▶ _EXERCISE DETAILS_:
Of all the entries below, only the lines from the one with "動物トータルケア学科、専攻科 動物トータルケア看護学専攻およびヤマザキ動物専門学校 愛玩動物看護学科の入学式が挙行され、" up to and including the one with "TOYOTA ALPHARD 2013 г., лот № 30195" are to be duplicated exactly.

▶ _DATA SUPPLIED_:
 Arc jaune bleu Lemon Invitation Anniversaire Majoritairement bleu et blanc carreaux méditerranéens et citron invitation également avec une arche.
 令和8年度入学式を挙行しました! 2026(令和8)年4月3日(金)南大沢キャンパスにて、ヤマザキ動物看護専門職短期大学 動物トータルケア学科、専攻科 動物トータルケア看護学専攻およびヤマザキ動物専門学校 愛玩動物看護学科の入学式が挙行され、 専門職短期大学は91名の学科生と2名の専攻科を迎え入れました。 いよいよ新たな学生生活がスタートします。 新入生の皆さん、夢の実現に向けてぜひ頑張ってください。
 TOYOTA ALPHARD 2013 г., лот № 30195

==

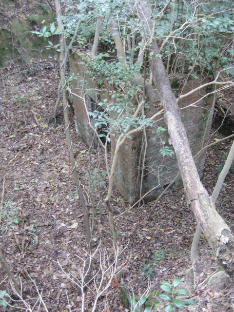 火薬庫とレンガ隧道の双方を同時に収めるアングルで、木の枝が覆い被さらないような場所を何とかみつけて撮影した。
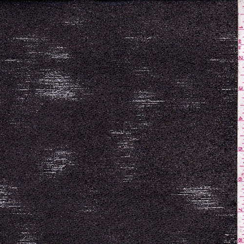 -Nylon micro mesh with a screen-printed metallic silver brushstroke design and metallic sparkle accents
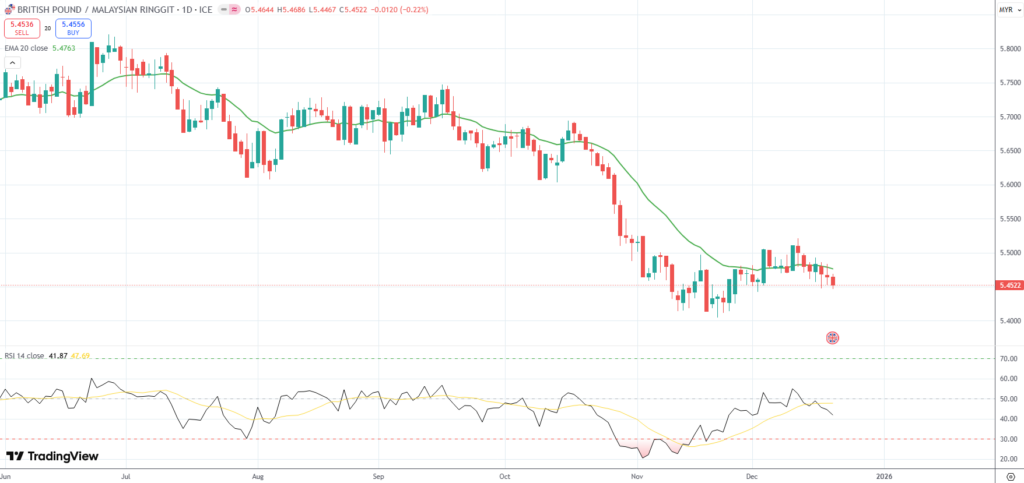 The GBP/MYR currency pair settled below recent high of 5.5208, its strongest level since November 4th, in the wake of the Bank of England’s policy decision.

...

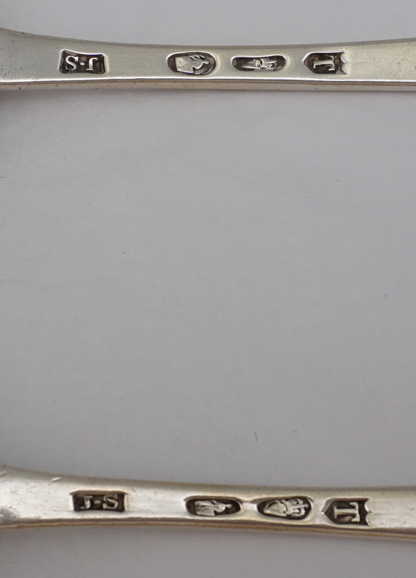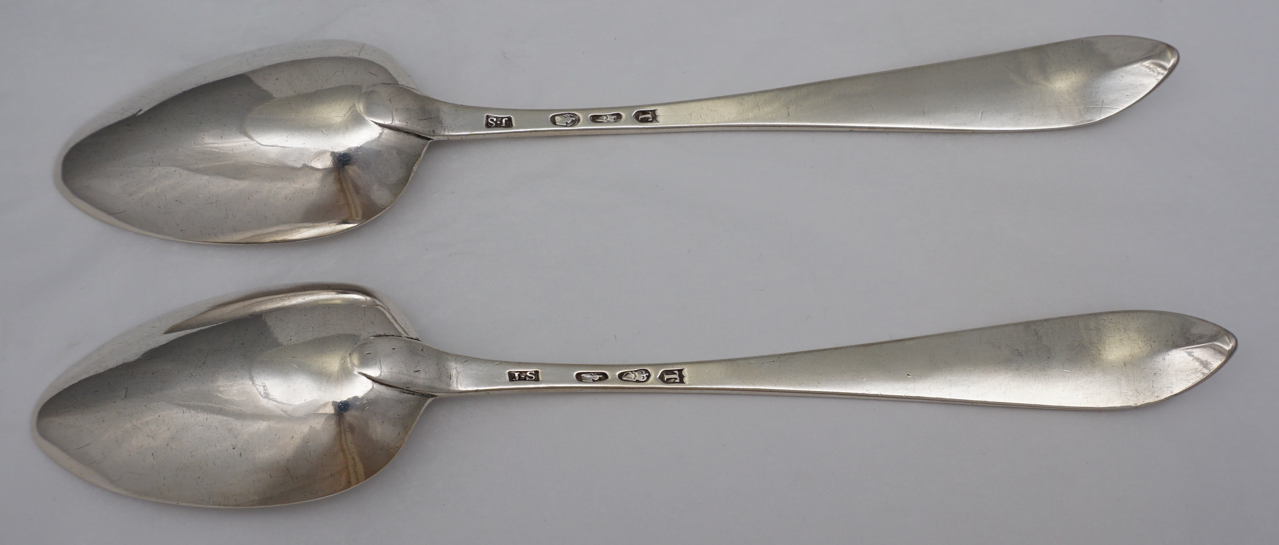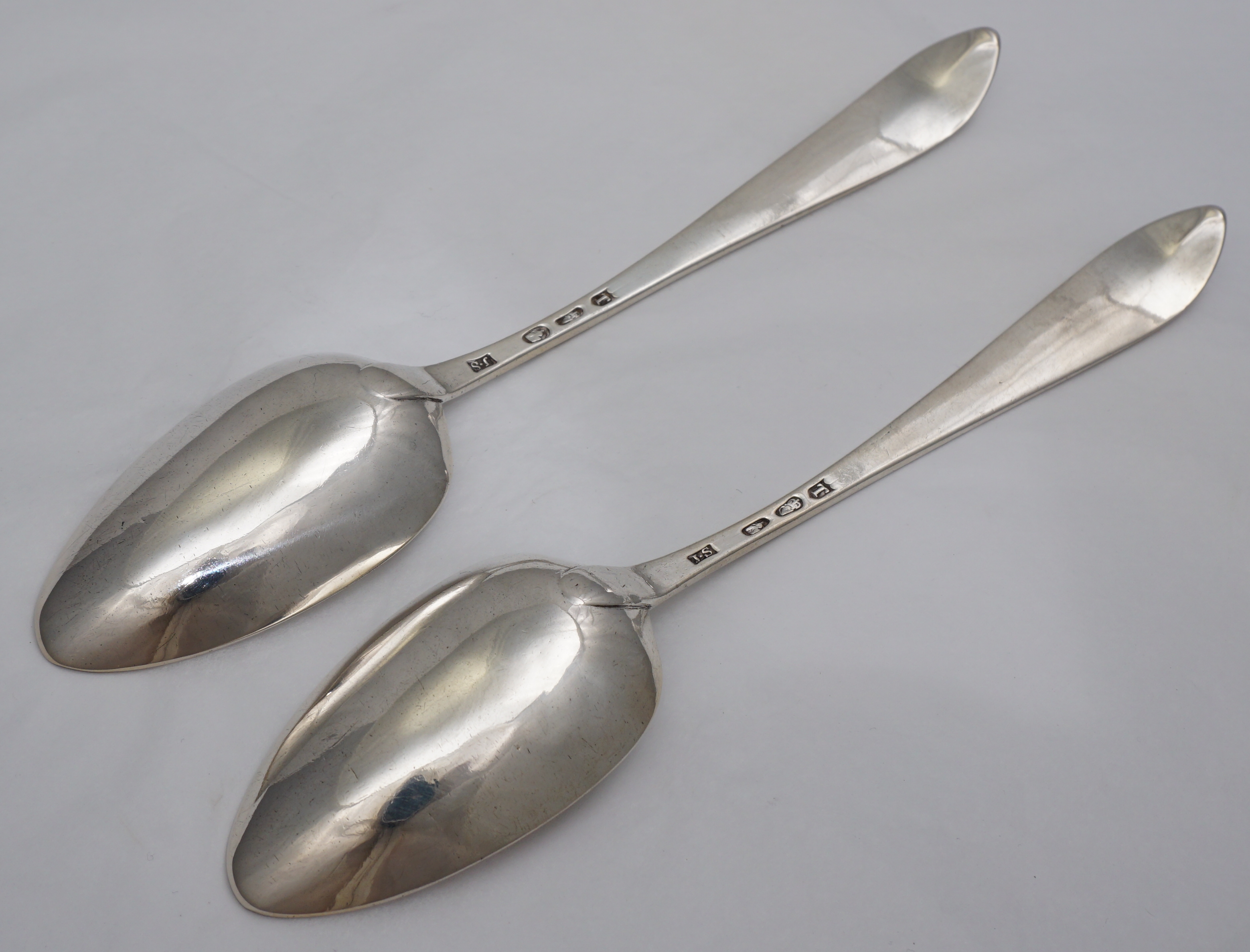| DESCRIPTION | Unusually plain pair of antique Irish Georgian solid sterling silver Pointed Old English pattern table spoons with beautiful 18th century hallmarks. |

▶ _ANSWER TO THE PROBLEM_:
 令和8年度入学式を挙行しました! 2026(令和8)年4月3日(金)南大沢キャンパスにて、ヤマザキ動物看護専門職短期大学 動物トータルケア学科、専攻科 動物トータルケア看護学専攻およびヤマザキ動物専門学校 愛玩動物看護学科の入学式が挙行され、 専門職短期大学は91名の学科生と2名の専攻科を迎え入れました。 いよいよ新たな学生生活がスタートします。 新入生の皆さん、夢の実現に向けてぜひ頑張ってください。
 TOYOTA ALPHARD 2013 г., лот № 30195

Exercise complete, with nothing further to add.